*EXERCISE*.
In the listing below, find the line with "校领导、校党委领导班子成员罗" and copy every line from there up to and including the line with "Синий трактор на поле возделывает почву", exactly and without pictures.

*MATERIAL FOR THIS EXERCISE*.
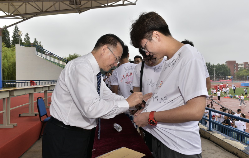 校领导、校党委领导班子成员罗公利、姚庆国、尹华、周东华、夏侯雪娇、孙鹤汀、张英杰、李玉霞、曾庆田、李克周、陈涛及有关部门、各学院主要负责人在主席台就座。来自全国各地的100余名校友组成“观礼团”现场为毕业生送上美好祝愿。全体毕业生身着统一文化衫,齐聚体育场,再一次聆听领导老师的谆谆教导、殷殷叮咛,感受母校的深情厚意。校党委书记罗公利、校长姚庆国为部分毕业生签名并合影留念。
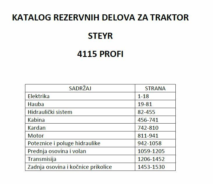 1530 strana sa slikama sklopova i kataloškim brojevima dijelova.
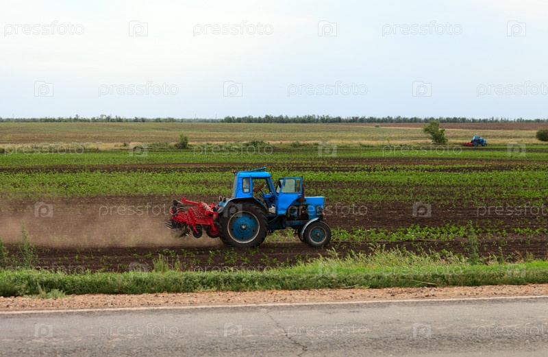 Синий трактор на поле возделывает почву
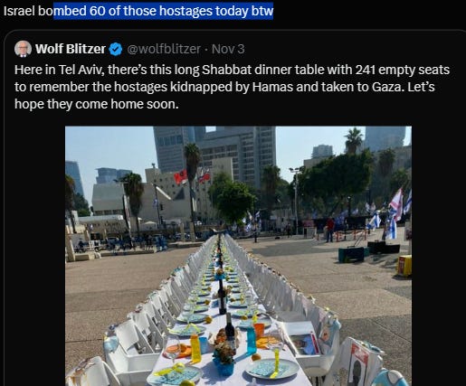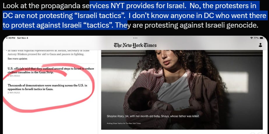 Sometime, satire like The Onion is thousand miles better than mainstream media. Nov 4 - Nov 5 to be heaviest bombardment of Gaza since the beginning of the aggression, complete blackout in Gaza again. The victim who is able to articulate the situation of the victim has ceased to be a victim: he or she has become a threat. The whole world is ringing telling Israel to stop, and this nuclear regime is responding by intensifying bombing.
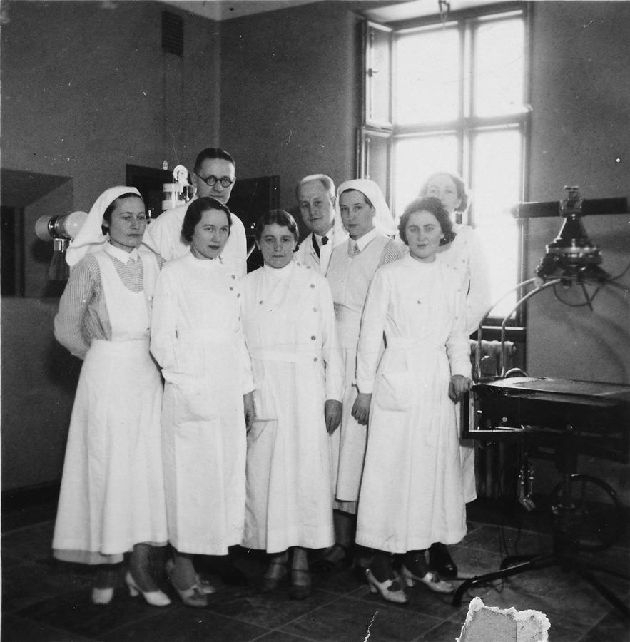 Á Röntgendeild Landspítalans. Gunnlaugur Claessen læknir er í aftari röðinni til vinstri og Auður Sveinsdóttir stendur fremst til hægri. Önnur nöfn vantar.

--

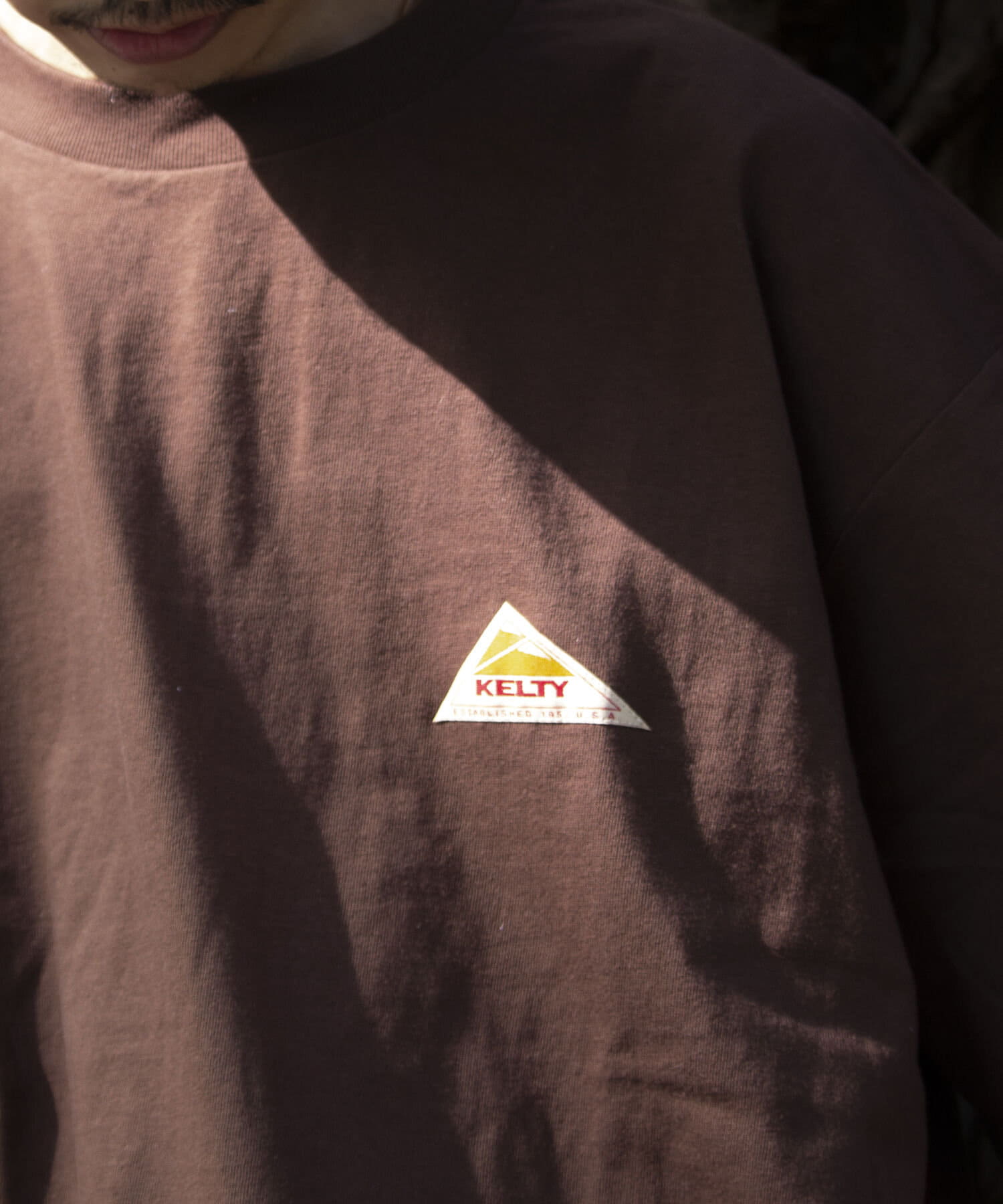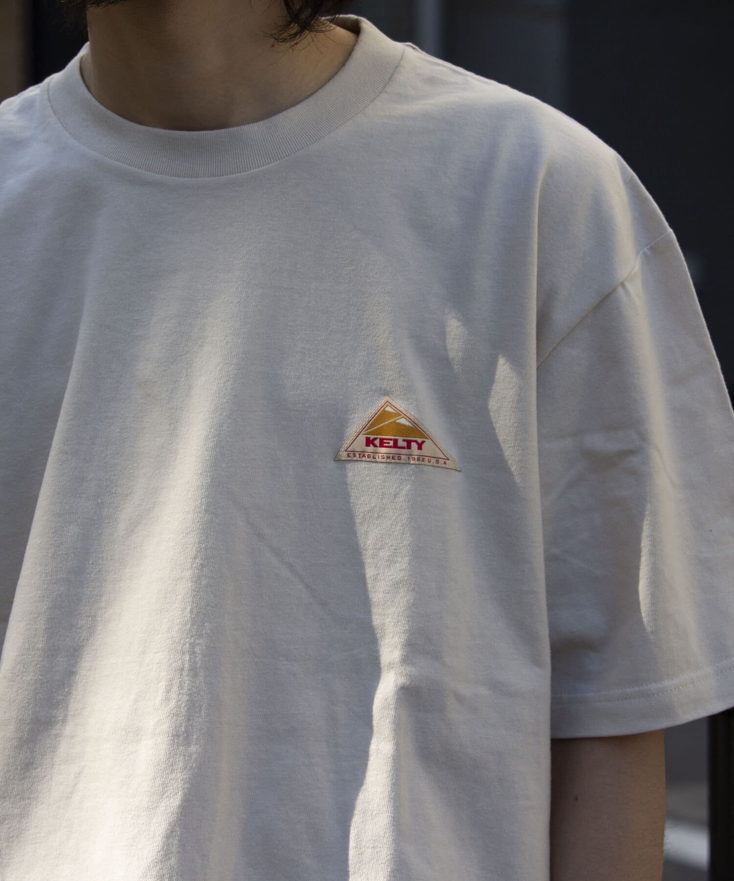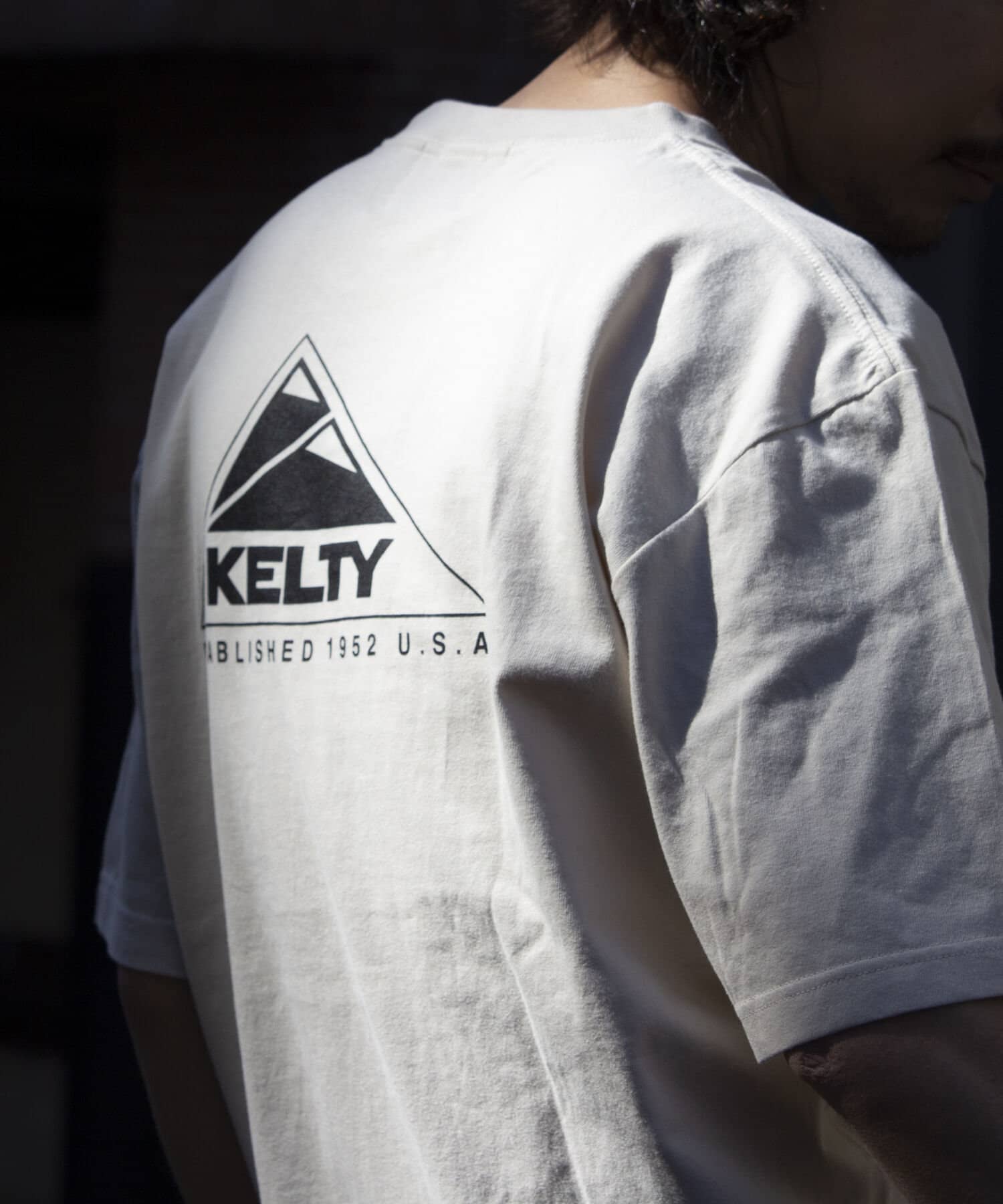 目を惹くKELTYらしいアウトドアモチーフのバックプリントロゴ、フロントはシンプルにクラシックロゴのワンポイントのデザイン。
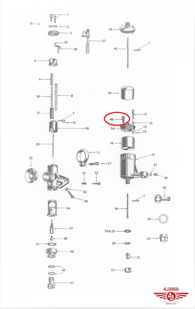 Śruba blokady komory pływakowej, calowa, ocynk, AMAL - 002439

==

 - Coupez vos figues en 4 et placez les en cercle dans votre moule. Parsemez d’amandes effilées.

*ANSWER FOR THIS EXERCISE*.
 校领导、校党委领导班子成员罗公利、姚庆国、尹华、周东华、夏侯雪娇、孙鹤汀、张英杰、李玉霞、曾庆田、李克周、陈涛及有关部门、各学院主要负责人在主席台就座。来自全国各地的100余名校友组成“观礼团”现场为毕业生送上美好祝愿。全体毕业生身着统一文化衫,齐聚体育场,再一次聆听领导老师的谆谆教导、殷殷叮咛,感受母校的深情厚意。校党委书记罗公利、校长姚庆国为部分毕业生签名并合影留念。
 1530 strana sa slikama sklopova i kataloškim brojevima dijelova.
 Синий трактор на поле возделывает почву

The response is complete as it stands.